I created a readme file in the directory directory with these files: readme.md

I wanted to add some information about the project to the readme file, like total number of sequencing reads generated and the number of reads in each FASTQ file.

Here’s how to count the total of all reads generated in this project

totalreads=0; for i in *.gz; do linecount=`gunzip -c "$i" | wc -l`; readcount=$((linecount/4)); totalreads=$((readcount+totalreads)); done; echo $totalreads

Total Reads: 588,396,334

Code explanation:

  • Creates variable called “totalreads” and initializes value to 0.
for i in *.gz;
  • Initiates a for loop to process any filenames that end with “.gz”. The FASTQ files have been compressed with gzip and end with the .gz extension.
do linecount=
  • Creates variable called “linecount” that stores the results of the following command:
`gunzip -c "$i" | wc -l`;
  • Unzips the files ($i) to stdout (-c) instead of actually uncompressing them. This is piped to the word count command, with the line flag (wc -l) to count the number of lines in the files.
  • Divides the value stored in linecount by 4. This is because an entry for a single Illumina read comprises four lines. This value is stored in the “readcount” variable.
  • Adds the readcount for the current file and adds the value to totalreads.
  • End the for loop.
echo $totalreads
  • Prints the value of totalreads to the screen.

Next, I wanted to generate list of the FASTQ files and corresponding read counts, and append this information to the readme file.
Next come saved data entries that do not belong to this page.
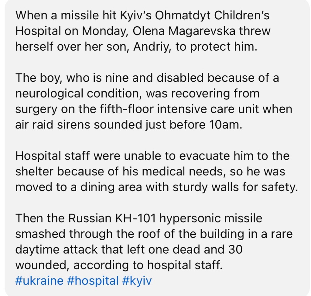 7/9/2024 — Mothers with babies nearly escape Russian strike on Kyiv hospital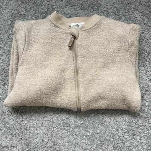 Reflex heldress for barn i størrelse 80, laget av merinoull. Fargen er beige, og plagget er designet for unisex bruk.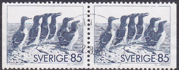 In Schweden eine Marke (MiNr 937) erschienen, die auch eine Trottellumme (Uria aalge) zeigt. Wenn man das Markenbild genauer anschaut erkennt man, dass der linke Vogel eine Trottellumme ist, die anderen haben einen kräftigeren Schnabel und sind Tordalke (Alca torda).

for i in *.gz; do linecount=`gunzip -c "$i" | wc -l`; readcount=$(($linecount/4)); printf "%s\t%s\n%s\t\t\n" "$i" "$readcount" >> readme.md; done

Code explanation:

for i in *.gz; do linecount=`gunzip -c "$i" | wc -l`; readcount=$(($linecount/4));
  • Same for loop as above that calculates the number of reads in each FASTQ file.
printf "%s\t%s\n\n" "$i" "$readcount" >> readme.md;
  • This formats the the printed output. The “%s\t%s\n\n” portion prints the value in $i as a string (%s), followed by a tab (\t), followed by the value in $readcount as a string (%s), followed by two consecutive newlines (\n\n) to provide an empty line between the entries. See the readme file linked above to see how the output looks.
>> readme.md; done
  • This appends the result from each loop to the readme.md file and ends the for loop (done).